若い代理は、取調室の机から手錠を外すと、ドギョムの肩を押す。
廊下は奥へ行くほど狭くなる。白い蛍光灯は一本おきに切れ、床のリノリウムには古い雨水と靴底の泥が黒く伸びている。壁の向こうで無線が鳴り、誰かが紙を破る音がする。
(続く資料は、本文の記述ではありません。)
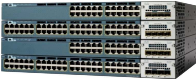
Figure 2. Cisco Catalyst 3560-X Series Switches

Table 2 shows the Cisco Catalyst 3560-X Series configurations.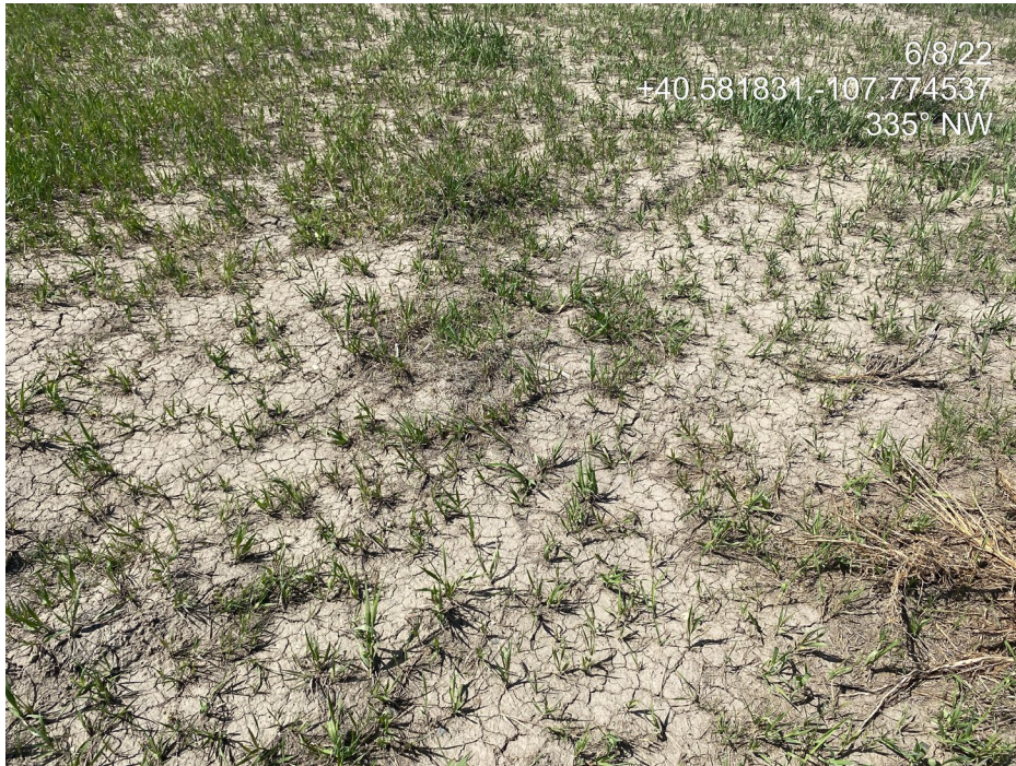
Photo 7. Photo taken from the north of the Location shows interim areas with poor vegetation cover due to highly compacted soils.

町の声はここまで来ない。ここから先は、町が人を置き忘れる場所だ。
鉄扉が二枚ある。手前は書類保管庫。奥が留置場。若い代理は腰の鍵束を右手で探り、三本目を使う。ドギョムはその手ではなく、鍵束の揺れ幅を見る。ベルトの右側。無線機の後ろ。留め具は古いスナップ式。
扉が開くと、湿ったコンクリートと消毒液、吐瀉物を薄めたような臭いが押し出される。
「入れ」
ドギョムは中へ入る。
部屋は広くない。横に鉄の寝台が二つ、床に薄いマットが一つ。天井の隅には換気口。格子は六本、うち一本だけ錆が浅い。廊下側の壁の上には古い監視カメラが一台。もう一台は鉄扉の外、廊下の端にある。角度を合わせれば、出入口から正面へ二歩入ったところに一坪ほどの盲点ができる。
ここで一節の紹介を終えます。